For three hours Saturday, Harvard did everything it could to coerce the football team into forgetting about an unbeaten season and an Ivy League title. You could look at the stats or the schemes in Saturday's titanic clash, but for once, neither really mattered. Body language did — Princeton showed that, despite the Crimson's fight, its bruising running game and elusive quarterback, the Tigers simply wanted it more.
"I couldn't be more proud of our team," head coach Roger Hughes said. "It was another team win. We made plays when we had to, that's been the characteristic and certainly becoming the defining characteristic of our team. There was never any panic on the sideline."

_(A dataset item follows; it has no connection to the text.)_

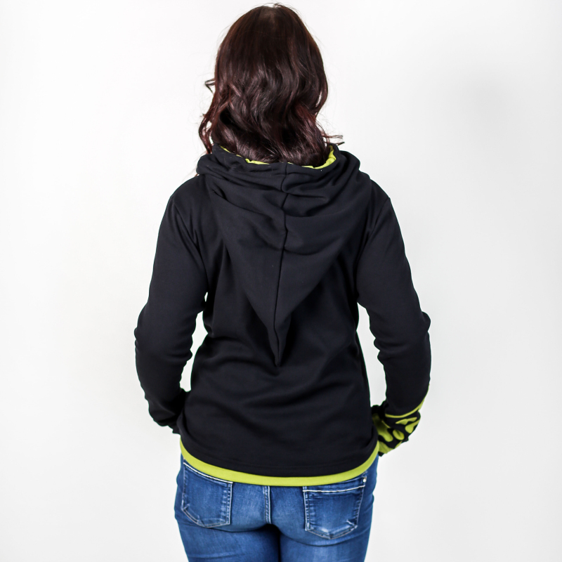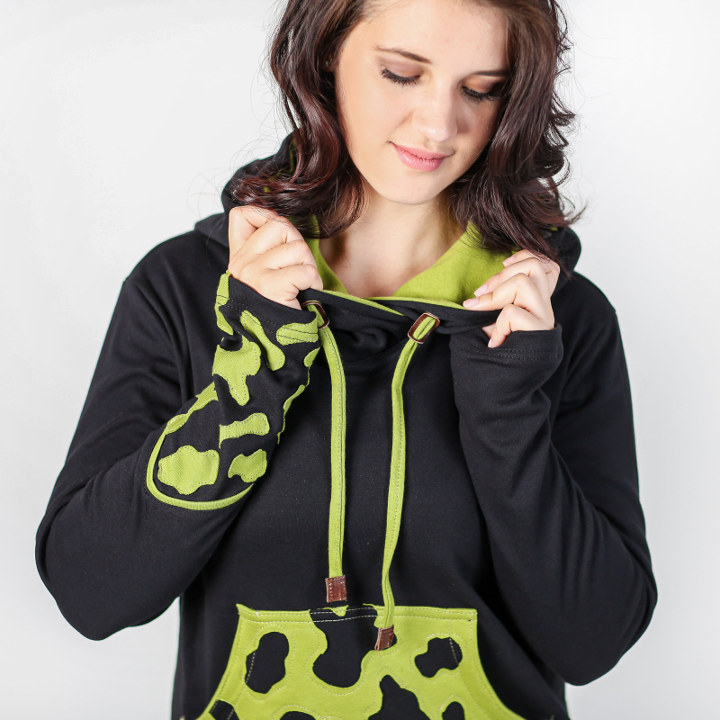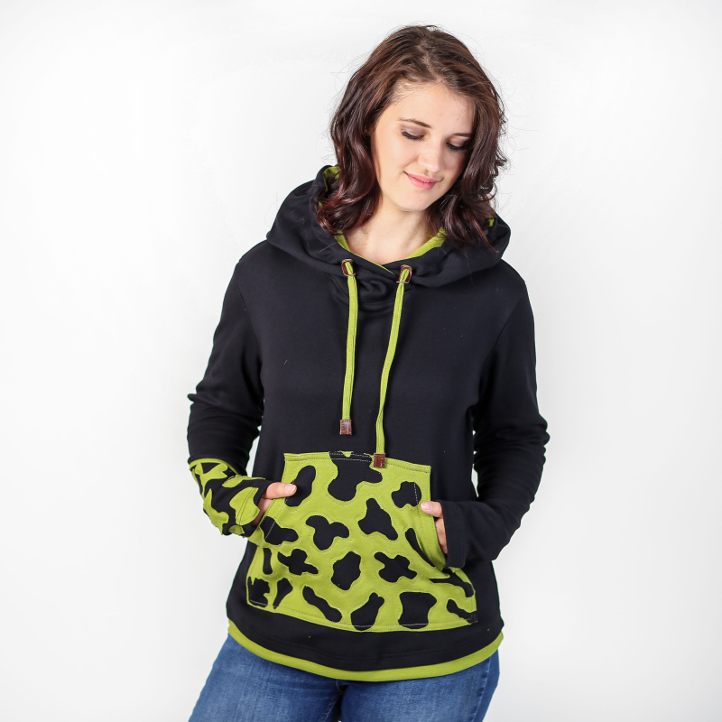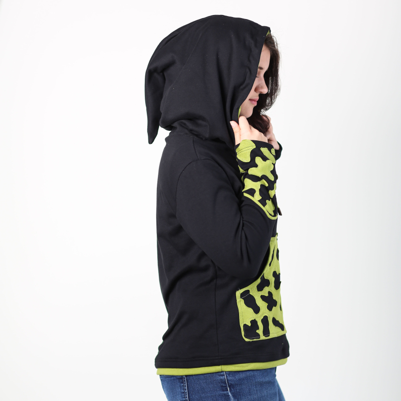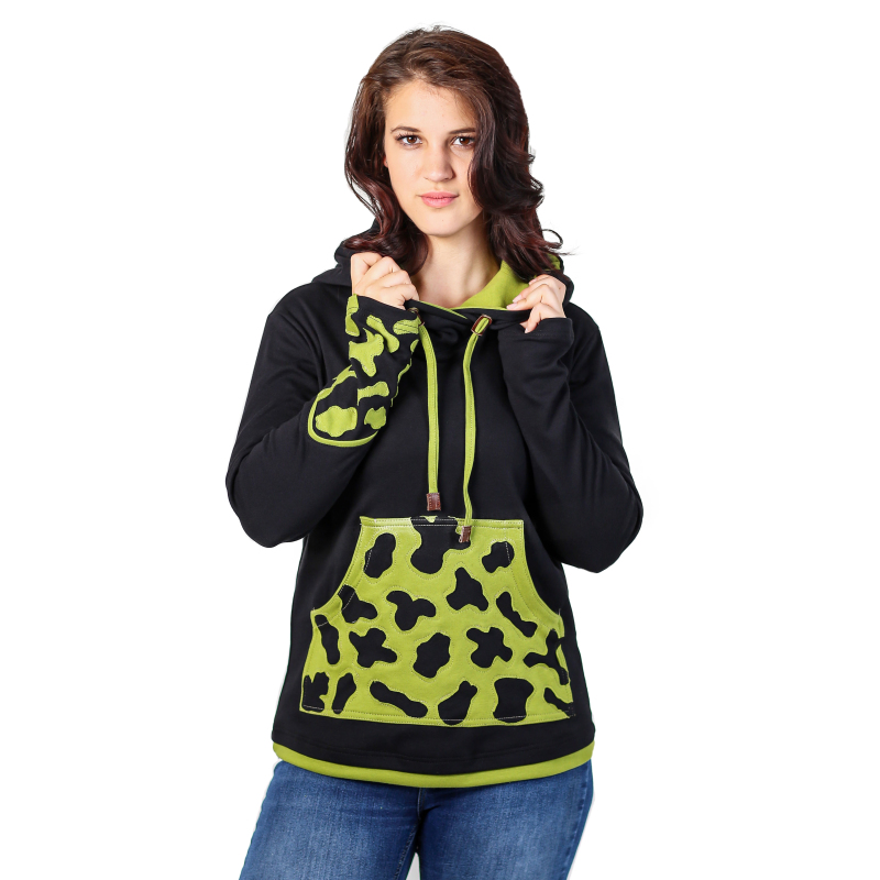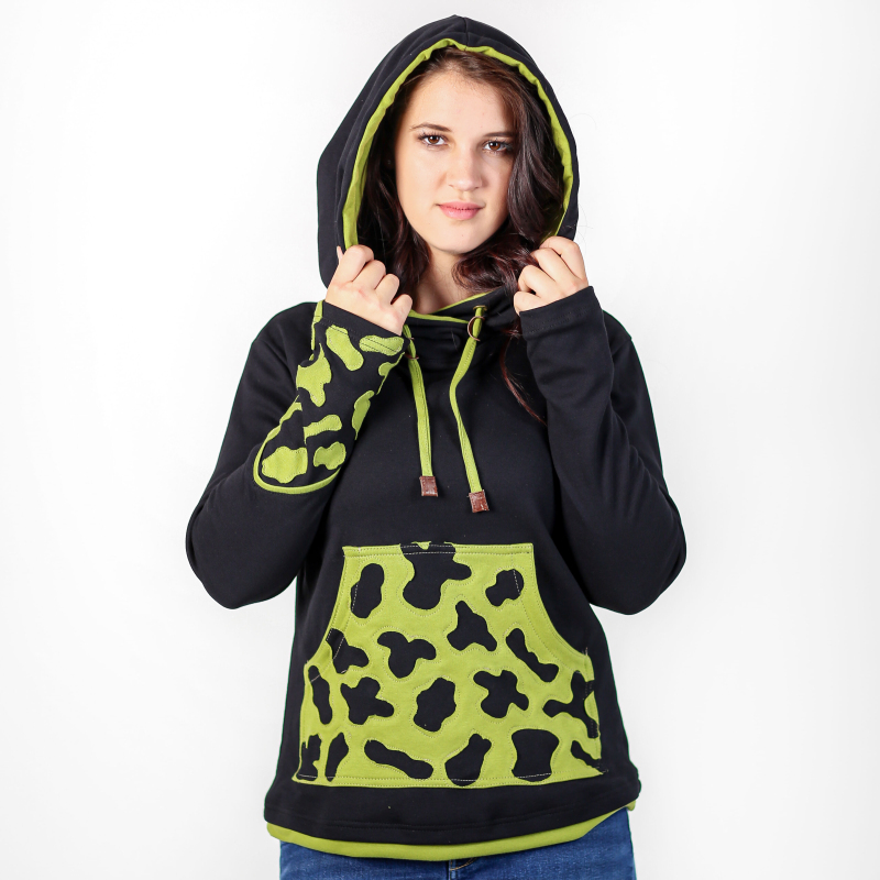 Jste doma ve městě i v přírodě? Máte rády výlety lesní i ty za trochou kultury? Naše švadlenky pro vás, hravé obojživelnice, ušily speciální dámskou mikinu, která potřeby obojživelníků respektuje: Veselé a výrazné černo - zelené zbarvení = respekt všech šediváků v širém okolí. Klokaní kapsa je poseta našitými kontrastními fleky, za které by se na svém bříšku nestyděl ani mlok. Již nemusíte zalézat pod kameny a pod listí. Stačí zahalit svou tvář a hlavu plnou nápadů do prostorné špičaté kapuce se stahováním na šňůrku. Bacha na citlivou pokožku mloků a žab! Tato mikina neublíží vám ani vašemu okolí, je totiž z velice příjemné biobavlny. Prohlédněte si i další barevnou variantu tribal mikiny Skamandra: zeleno - oranžovou. Více o použitém materiálu se dočtete zde: popis materiálů.

Harvard tried to make sure Princeton should not and could not make the plays necessary to win the game. The Crimson recovered from two 10-point deficits and blocked a field goal attempt in the waning moments that would have stretched Princeton's lead to six.
Harvard stayed right with junior wide receiver Brendan Circle in his failed attempt to extend to the Princeton lead to 10 points in the third. It knocked senior quarterback Jeff Terrell out of the game for the last minutes of the first half with a vicious hit and it pounded star running back Clifton Dawson into the Tigers' defense for three touchdowns.
Princeton still wanted it more.
After senior punter Colin McDonough had a punt blocked and another go for a measly 14 yards, he could have been shaken. But instead, he came right back and launched a number of long punts in the third and fourth quarters to give the Crimson average field position when it should have been spectacular.
McDonough finished the game with a punting average of 48.5 yards per punt and helped relieve some of the pressure that was placed on the overworked defense when the offense was struggling with three and outs.
"It was huge. We expect that kind of play out of Colin," Hughes said of McDonough's play.
After Terrell was knocked out of the game, junior quarterback Bill Foran could have panicked and played soft, conservative football, but he didn't.
Instead Foran put on a magnificent display on a fourth-and-six play, making a Harvard defender miss en route to a scramble for a first down. Those plays ultimately netted the team the final score at the half and reestablished the Tigers' 10-point lead.
"Bill made some great runs and great ad-libs and ended up scoring when probably Harvard thought, 'oh, we've got [Terrell] out of the game now' — maybe they relaxed a little bit, I don't know," Hughes said.
Then there was Circle, who, after failing to come up with a fantastic third-down pass into the endzone by Terrell, reeled in the game-winner on the eight-yard line and quickly bumped and cut past Crimson defenders and into the endzone.

"It certainly doesn't feel very good to drop a touchdown, but it feels that much better when you catch it," Circle said.
Of course, the defensive unit also made its fair share of plays. After letting the 10-point halftime lead transform into a four-point deficit, the defense staunched the wound in the fourth quarter, holding the Crimson scoreless giving the offense a chance to get back into the game.
The unit also pulled in four interceptions on the day, including two key picks in the fourth quarter. One of those gave the Princeton offense stellar field position which it used to score the game-winning points.
With time running out, Crimson quarterback Liam O'Hagan converted on fourth and six. His next pass, however, was tipped and launched high into the air. Junior free safety Kevin Kelleher caught it for his second pick of the game.
"It really helps when you have a front four that can get pressure like they did," Kelleher said. "And you know, there were three or four tipped balls today, because they have the ability to get in the quarterback's face. So when the ball came out and was tipped by one of the linebackers coming on a rush, it just sort of popped up in the air, and I saw it up there and did my best to go get it."
Harvard tried to stamp out Princeton's flame, but the fire burned on, regardless of whether Princeton was ahead by 10 or down by four. That mental toughness and unquenchable, insistent desire to play hard was the key to the game.
"I agree [on the importance of mental toughness], and I think I've talked about it as even-keeled, no roller coaster emotionally, nothing gets us down," Hughes said. "There's a great confidence I think building in this team that, someone's going to make the play to win the game, someone's going to make a play on the ball."
Someone like Foran, or Terrell or Kelleher — the name may change, but the color of the jersey never does.
"I think our team thrives on the fact that there really are no stars on this team, but we just find ways to do it," Hughes said.
"It's how you respond, how are you going to respond when you get punched in the mouth, how are you going to respond when they score, and that's where I think our team has done a phenomenal job all year."